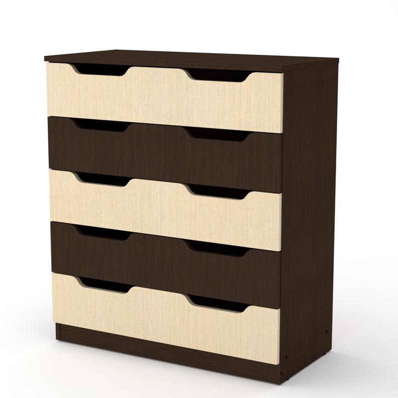 Комод-5М Компанит - удобная и практичная мебель для дома. Внутреннее наполнение комода приятно порадует своей вместительностью. Мебельное изделие выполнено из качественных материалов, полностью соответствующих европейским стандартам, что указывает на долговечность комода. Мебель выполняется в разных цветовых решениях, благодаря чему можно выбрать и купить комод, который гармонично впишется в интерьер. - Материал: ламинированное ДСП - Габаритные размеры (Ш*В*Г): 800*900*380 мм - Цвет ДСП: бук, венге, ольха, орех экко, яблоня, дуб сонома, нимфея альба
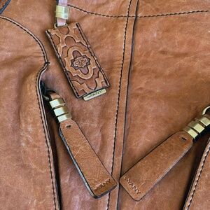 Beautiful OrYANI tan leather bag with 100% cotton lining. Excellent condition. Very clean. See photos for condition, has some small scuffs on back.
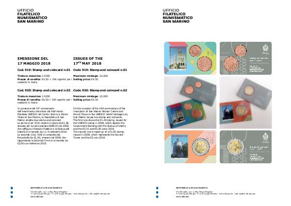 Marino emette due stamp and coincard.

▬▬▬

Problem to solve - A verbatim copy of the listing, with all pictures removed, is required.

Output for this exercise -
 Комод-5М Компанит - удобная и практичная мебель для дома. Внутреннее наполнение комода приятно порадует своей вместительностью. Мебельное изделие выполнено из качественных материалов, полностью соответствующих европейским стандартам, что указывает на долговечность комода. Мебель выполняется в разных цветовых решениях, благодаря чему можно выбрать и купить комод, который гармонично впишется в интерьер. - Материал: ламинированное ДСП - Габаритные размеры (Ш*В*Г): 800*900*380 мм - Цвет ДСП: бук, венге, ольха, орех экко, яблоня, дуб сонома, нимфея альба
 Beautiful OrYANI tan leather bag with 100% cotton lining. Excellent condition. Very clean. See photos for condition, has some small scuffs on back.
 Marino emette due stamp and coincard.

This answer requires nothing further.